The National Electrical Manufacturers Association (NEMA) has submitted formal comments regarding the U.S. Centers for Medicare and Medicaid Services (CMS) proposal notice (Federal Register, June 29, 2006, Vol. 71:139) to change its practice expense methodology for determining work relative value units (W-RVUs) under its physician fee schedule.
The Rosslyn, VA-based industry group said it was not consulted in CMS' proposal to move toward a "bottom up" methodology in determining direct costs, and suggested that the agency's Practice Expense Advisory Committee (PEAC) confer with representatives of technical component providers in that process. It also requested CMS to review the impact of this new methodology, specifically on the technical component, to ensure the payments are stable.
NEMA also urged CMS to maintain current allowances for cardiac catheterization provided in nonhospital settings, bone densitometry procedures, and cardiac monitoring services until the direct cost data can be confirmed.
The association also commented that it is concerned that CMS may have made errors in the practice expense per hour (PE/HR) calculations when adjusting the PE/HR figures to calendar year (CY) 2005 values. NEMA said it would be useful for CMS to show the increase in number for each year for each specialty's PE/HR, rolling up to 2005, and that this needs to be corrected prior to the final rule. It also believes that, to the extent these calculations reveal errors in the PE/HR calculations, CMS should republish for comment any necessary revisions to the proposed CY 2007 allowances.

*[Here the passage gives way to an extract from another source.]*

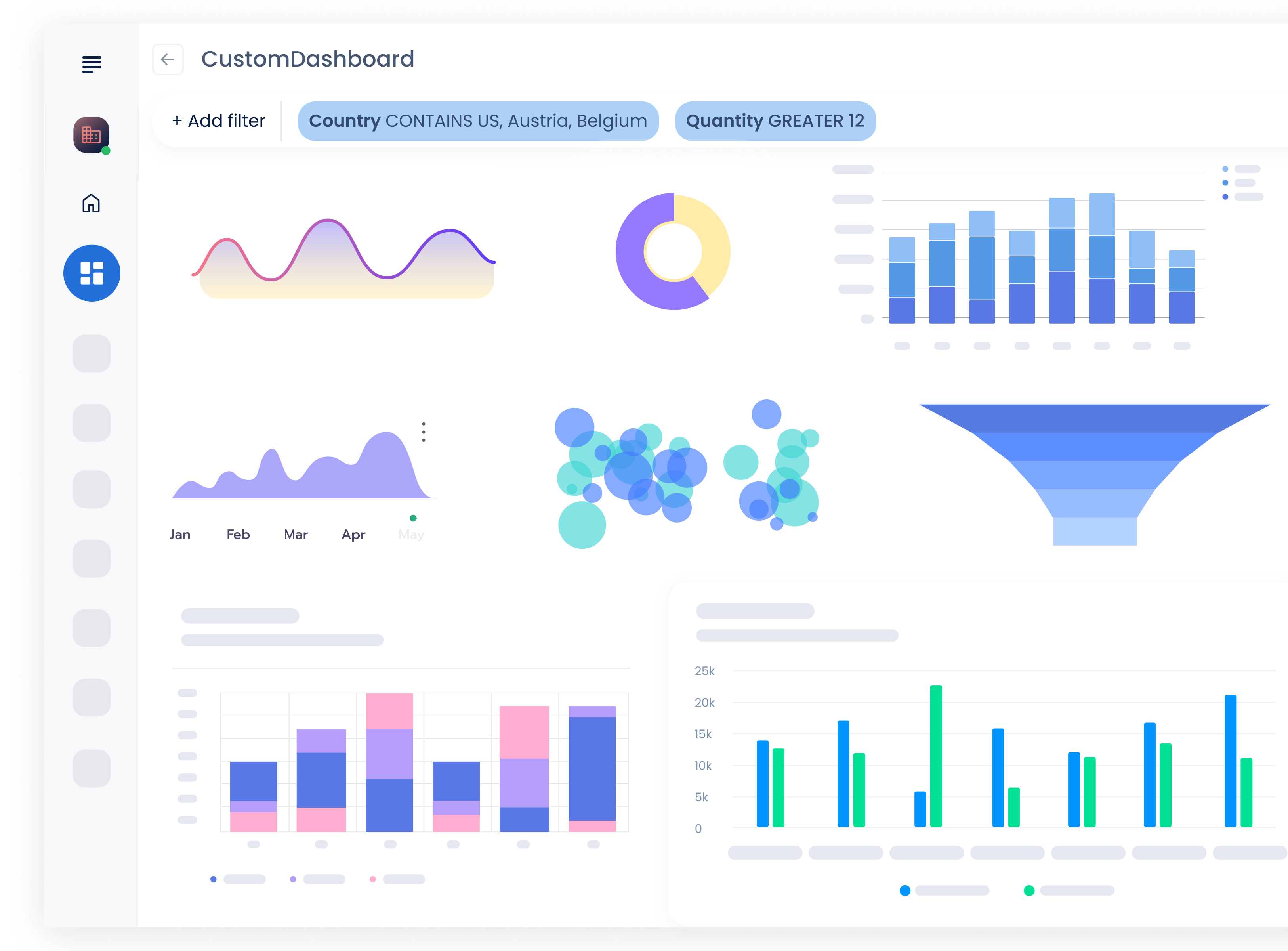 Sprinkle offers a user-friendly interface for customising dashboards.You can drag-and-drop different reports and visualisations, arrange them to your preference, and apply filters to focus on specific aspects of your data.

NEMA said that its understanding is that the practice expense budget neutrality/scaling adjustment is already considerably larger than the 10% reduction in W-RVUs proposed. It stated that it would be unfair to further reduce Medicare payment for technical component and other PE-RVU-heavy services by shifting part of the five-year review budget neutrality adjustment to these services.
The industry group also objected to the use of W-RVUs as an allocator for indirect costs, as that substantially disadvantages technical component services, since technical component services have no W-RVUs. It said that it does not believe that there is any evidence that a service's W-RVUs are related to the indirect practice costs (such as overhead and administrative costs) involved in providing that service.
NEMA said it has asked CMS to:
- Finalize its proposal to use nonphysician staff time in lieu of physician work for technical component and other services with no physician work RVUs.
- Consider eliminating the "direct adjustment" to direct costs that has the effect of further reducing the impact of direct costs as an indirect cost allocator.
- Reconsider the issue if any changes are made to direct cost data or methodologies that have the impact of significantly reducing Medicare payment for technical component services.